■ Work item: Would you retype exactly the lines below, starting with the one that has "Если посмотреть на" and going on through the one that has "Dort machten wir", with no pictures and nothing else?

■ Data provided:
#####
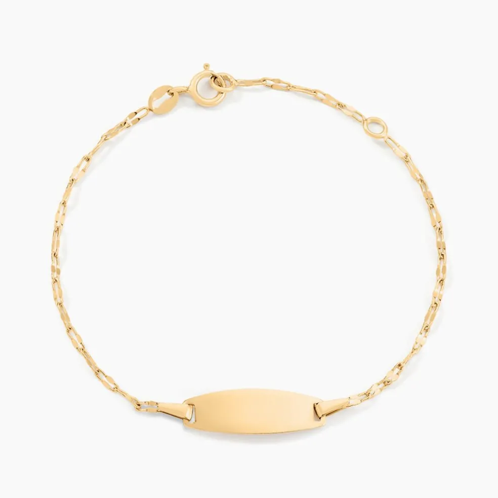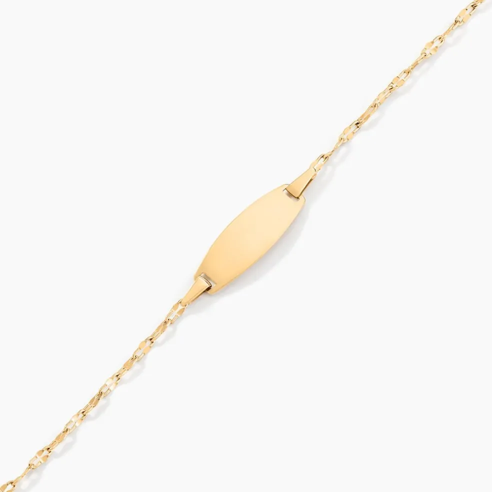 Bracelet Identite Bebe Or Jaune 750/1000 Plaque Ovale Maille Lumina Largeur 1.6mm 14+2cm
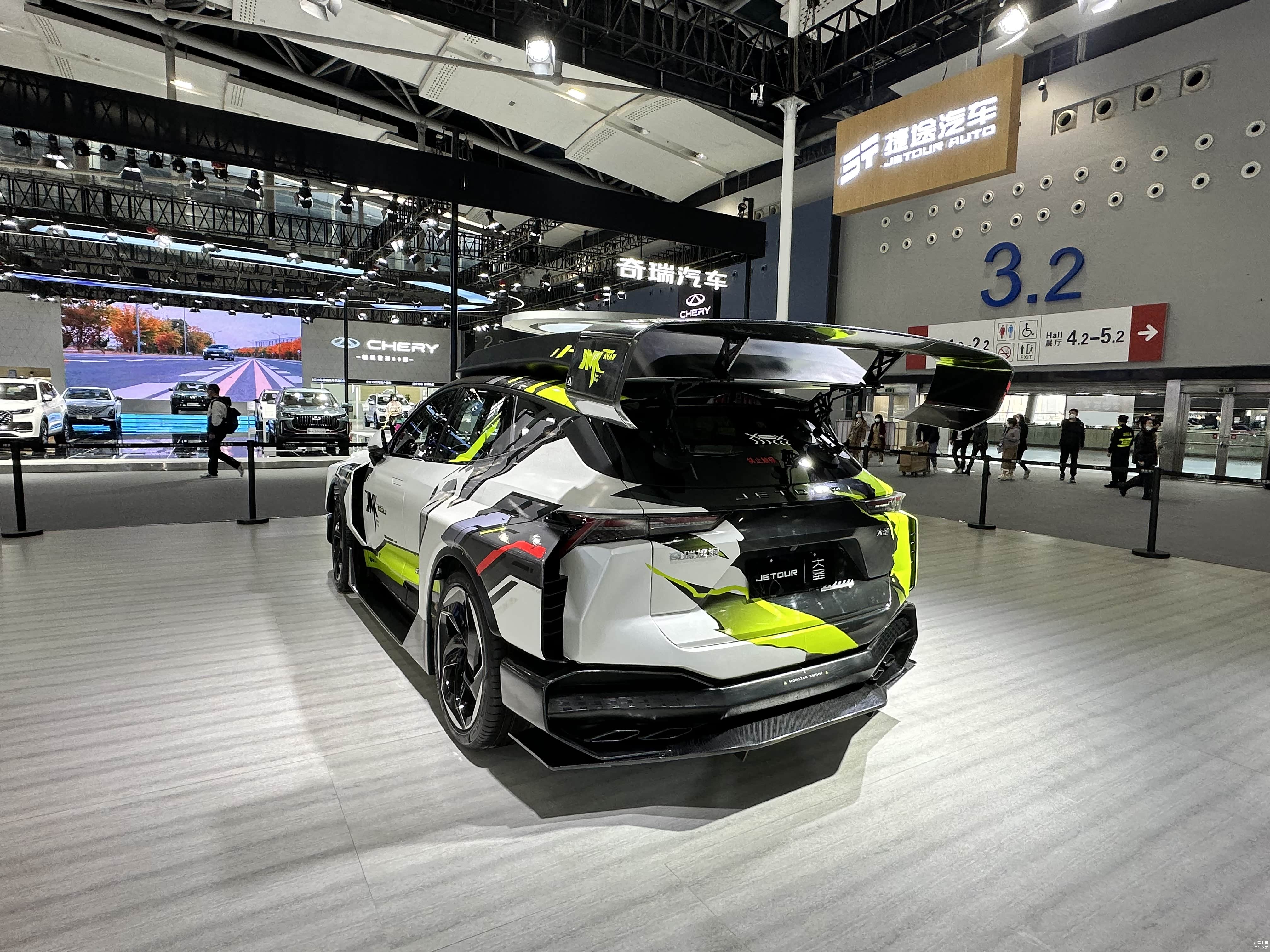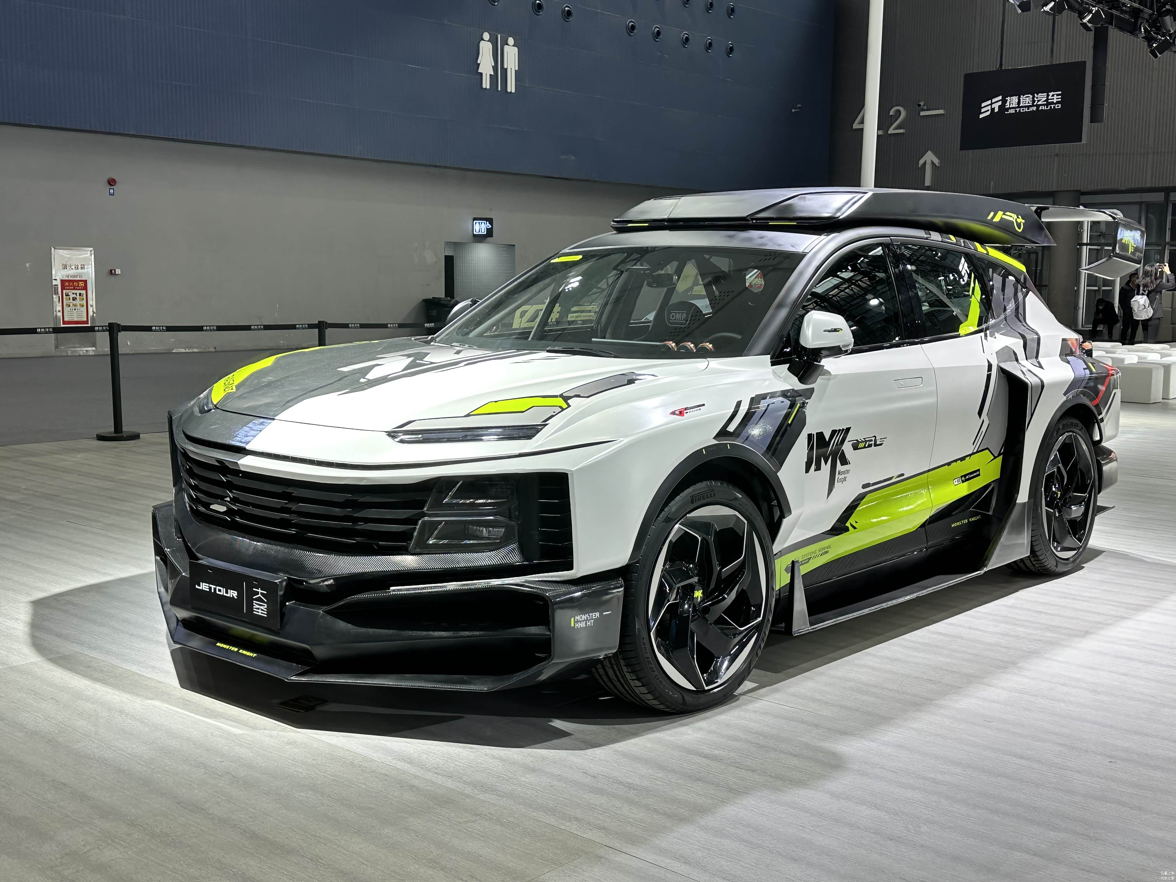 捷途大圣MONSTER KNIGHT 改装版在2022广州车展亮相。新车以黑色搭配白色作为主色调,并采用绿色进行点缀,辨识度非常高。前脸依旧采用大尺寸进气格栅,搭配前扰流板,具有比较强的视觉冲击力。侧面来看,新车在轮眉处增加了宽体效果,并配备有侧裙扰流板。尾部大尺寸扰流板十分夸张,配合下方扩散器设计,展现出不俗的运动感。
#####
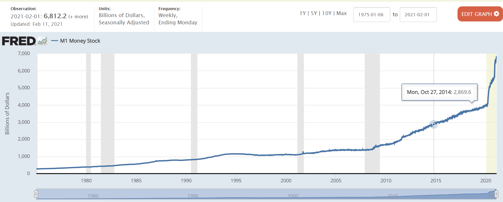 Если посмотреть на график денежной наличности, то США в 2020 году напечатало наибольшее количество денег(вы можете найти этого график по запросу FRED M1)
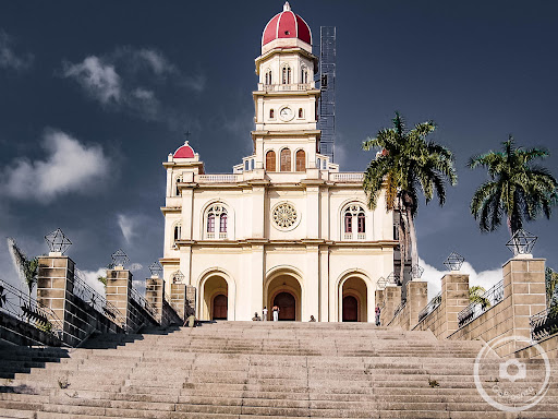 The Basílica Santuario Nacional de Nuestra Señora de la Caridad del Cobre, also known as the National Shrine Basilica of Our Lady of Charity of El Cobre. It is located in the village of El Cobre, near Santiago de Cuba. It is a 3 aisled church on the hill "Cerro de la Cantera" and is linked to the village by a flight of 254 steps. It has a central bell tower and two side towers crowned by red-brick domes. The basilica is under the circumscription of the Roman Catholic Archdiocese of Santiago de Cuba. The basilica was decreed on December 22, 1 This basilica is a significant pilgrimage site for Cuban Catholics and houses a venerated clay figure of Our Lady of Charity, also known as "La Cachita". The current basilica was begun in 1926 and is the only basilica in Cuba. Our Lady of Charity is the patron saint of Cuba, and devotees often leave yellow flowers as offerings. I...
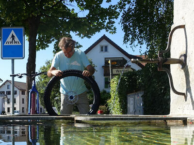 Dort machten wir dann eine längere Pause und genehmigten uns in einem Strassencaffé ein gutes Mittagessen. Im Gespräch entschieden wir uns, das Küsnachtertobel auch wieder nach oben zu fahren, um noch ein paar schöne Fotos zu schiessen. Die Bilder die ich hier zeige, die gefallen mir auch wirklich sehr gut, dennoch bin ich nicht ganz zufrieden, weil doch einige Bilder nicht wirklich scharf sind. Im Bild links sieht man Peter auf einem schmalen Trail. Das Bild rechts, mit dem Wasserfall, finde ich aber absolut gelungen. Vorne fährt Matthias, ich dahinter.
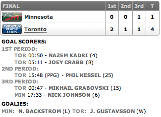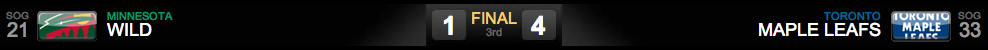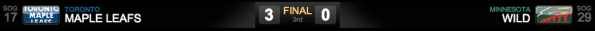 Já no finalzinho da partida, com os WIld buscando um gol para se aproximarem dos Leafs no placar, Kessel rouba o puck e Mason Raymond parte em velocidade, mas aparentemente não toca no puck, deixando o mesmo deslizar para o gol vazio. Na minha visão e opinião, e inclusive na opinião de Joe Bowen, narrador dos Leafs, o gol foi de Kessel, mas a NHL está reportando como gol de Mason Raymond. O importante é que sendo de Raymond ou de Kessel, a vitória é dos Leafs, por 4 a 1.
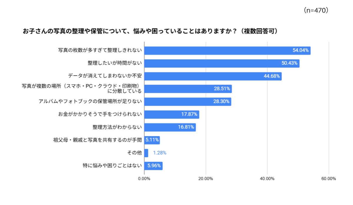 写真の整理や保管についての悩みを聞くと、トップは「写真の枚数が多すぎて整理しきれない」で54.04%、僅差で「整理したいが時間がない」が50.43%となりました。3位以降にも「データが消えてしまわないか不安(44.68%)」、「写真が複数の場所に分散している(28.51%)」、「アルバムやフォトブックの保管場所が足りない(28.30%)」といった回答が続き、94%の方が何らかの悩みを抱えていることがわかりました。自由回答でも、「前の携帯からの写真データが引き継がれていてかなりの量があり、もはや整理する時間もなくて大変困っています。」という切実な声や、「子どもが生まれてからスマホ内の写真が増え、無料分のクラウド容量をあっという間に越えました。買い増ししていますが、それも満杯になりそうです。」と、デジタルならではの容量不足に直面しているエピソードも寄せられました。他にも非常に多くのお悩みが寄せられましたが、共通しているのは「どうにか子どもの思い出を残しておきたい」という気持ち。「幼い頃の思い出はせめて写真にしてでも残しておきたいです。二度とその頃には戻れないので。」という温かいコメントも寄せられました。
#####
■ Expected answer:
 Если посмотреть на график денежной наличности, то США в 2020 году напечатало наибольшее количество денег(вы можете найти этого график по запросу FRED M1)
 The Basílica Santuario Nacional de Nuestra Señora de la Caridad del Cobre, also known as the National Shrine Basilica of Our Lady of Charity of El Cobre. It is located in the village of El Cobre, near Santiago de Cuba. It is a 3 aisled church on the hill "Cerro de la Cantera" and is linked to the village by a flight of 254 steps. It has a central bell tower and two side towers crowned by red-brick domes. The basilica is under the circumscription of the Roman Catholic Archdiocese of Santiago de Cuba. The basilica was decreed on December 22, 1 This basilica is a significant pilgrimage site for Cuban Catholics and houses a venerated clay figure of Our Lady of Charity, also known as "La Cachita". The current basilica was begun in 1926 and is the only basilica in Cuba. Our Lady of Charity is the patron saint of Cuba, and devotees often leave yellow flowers as offerings. I...
 Dort machten wir dann eine längere Pause und genehmigten uns in einem Strassencaffé ein gutes Mittagessen. Im Gespräch entschieden wir uns, das Küsnachtertobel auch wieder nach oben zu fahren, um noch ein paar schöne Fotos zu schiessen. Die Bilder die ich hier zeige, die gefallen mir auch wirklich sehr gut, dennoch bin ich nicht ganz zufrieden, weil doch einige Bilder nicht wirklich scharf sind. Im Bild links sieht man Peter auf einem schmalen Trail. Das Bild rechts, mit dem Wasserfall, finde ich aber absolut gelungen. Vorne fährt Matthias, ich dahinter.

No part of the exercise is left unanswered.